One of the problems that we come up against when designing scalable & highly available systems is how can we partition and replicate data in our systems. Data partitioning is the process of distributing data across a set of nodes while Data Replication is making multiple copies of the same data and storing them on multiple servers for fault tolerance & improving performance & availability of the system.
Challenge with Data Partitioning
There are two challenges when we try to distribute data:
- How do we know on where to read or write data from ?
- If we decide to add / remove server nodes, how do we know what data will be moved from existing nodes to the new nodes? ie, how can we minimize amount of data that needs to be moved when a node leaves / joins our system?
The very simple approach to select node that we need to read from / write data to involves using a suitable hashing function to map data key to an integer, then to know which node in the system we need to store the data we apply modulo on this number and the total number of servers.
The scheme described in the above diagram solves the problem of finding a server for reading/writing the data. But when we add or remove a node, all our existing mappings will be broken. This is because the total number of nodes will be changed, which was used to find the actual server storing the data. In order to get things working again, we have to remap all the keys and move our data based on the new server count, which will be a complete mess!
David Karger et al. first introduced Consistent Hashing in their 1997 paper. They suggested its use in distributed caching. Later, Consistent Hashing was adopted and enhanced to be used across many distributed systems.
Consistent Hashing maps data to physical nodes and ensures that only a small set of keys move when servers are added or removed.
Consistent Hashing uses a ring to represent how data and hardware nodes are stored in a system. both Nodes & Keys are hashed and plotted on the ring.
The Consistent Hashing scheme described above works great when a node is added or removed from the ring, as in these cases, since only the next node is affected. For example, when a node is removed, the next node becomes responsible for all of the keys stored on the outgoing node.
Inserting and removing nodes in any distributed system is very common. Current nodes can die due to software or hardware issues and may need to be replaces. Similarly, new nodes may be added to an existing cluster to meet growing demands. To handle these scenarios, Consistent Hashing introduces the concept of virtual nodes (Vnodes).
The basic Consistent Hashing algorithm assigns a single token to each node node. This has two problems
Hotspots: Each node is assigned one large range, if the data is not evenly distributed, some nodes can become hotspots.
Node rebuilding: Each node’s data can be replicated on a fixed number of other nodes, when we need to rebuild a node, only its replica nodes can provide the data. This puts a lot of pressure on the replica nodes and can lead to service degradation.

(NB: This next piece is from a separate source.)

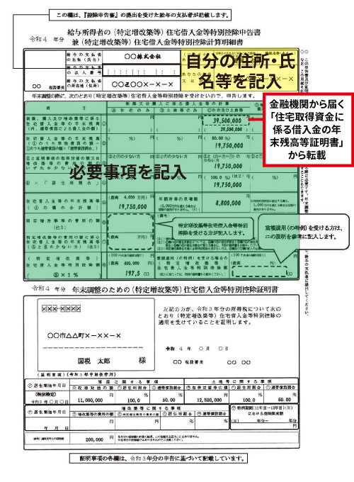 (画像:国税庁「給与所得者の(特定増改築等)住宅借入金等特別控除申告書兼(特定増改築等)住宅借入金等特別控除計算明細書の記載例」を元に筆者作成)
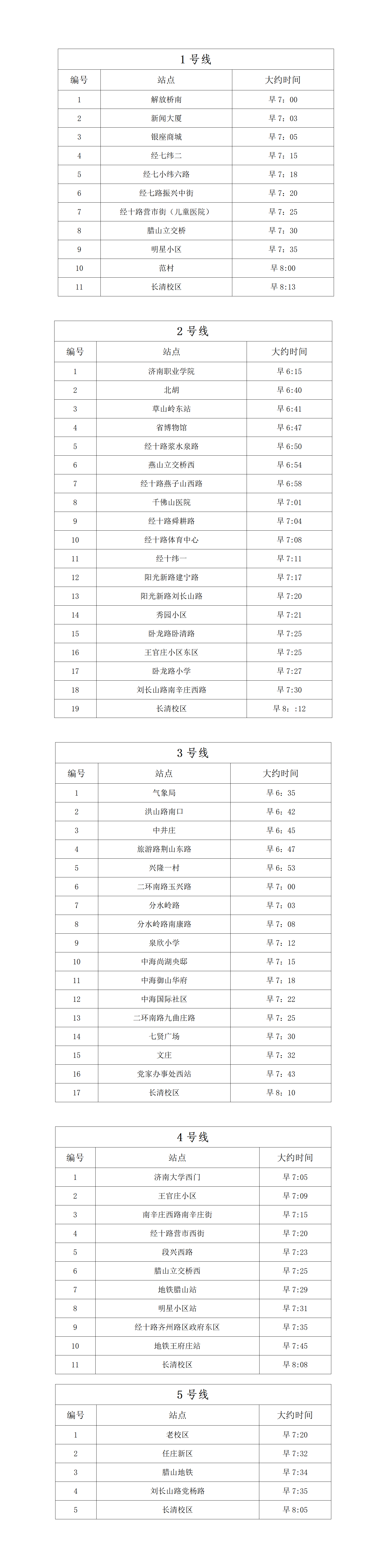 班车运行时刻表

To handle these challenges, Instead of assigning a single token to a node, the hash range is divided into multiple smaller ranges, and each physical node is assigned several of these smaller ranges. Each of these subranges is considered a Vnode. With Vnodes, instead of a node being responsible for just one token, it is responsible for many tokens (or subranges).
Vnodes are distributed randomly across the system and are generally non-contiguous so that no two adjacent Vnodes are assigned to the same physical node. Additionally, nodes do carry replicas of other nodes for fault tolerance.
Advantages of Vnodes
- Spread the load more evenly across the physical nodes
- Vnodes make it easier to maintain a system containing non identical machines (machines with more power can take more Vnodes)
- Vnodes help assign smaller ranges to each physical node, this decreases the probability of hotspots.
To ensure highly available and durability, each data item is replicated on multiple N nodes in the system where the value N is equivalent to the replication factor.
The replication factor is the number of nodes that will have the copy of the same data. For example, a replication factor of Three means there are Three copies of each data item, where each copy is stored on a different node.
Each key is will have a coordinator node (generally the first node that falls in the hash range), which first writes the data locally and then replicates it to N-1 clockwise successor nodes on the ring. In an eventually consistent system, this replication is done asynchronously (in the background).
Examples of Systems Using Consistent Hashing
Amazon’s Dynamo and Apache Cassandra use Consistent Hashing to distribute and replicate data across nodes.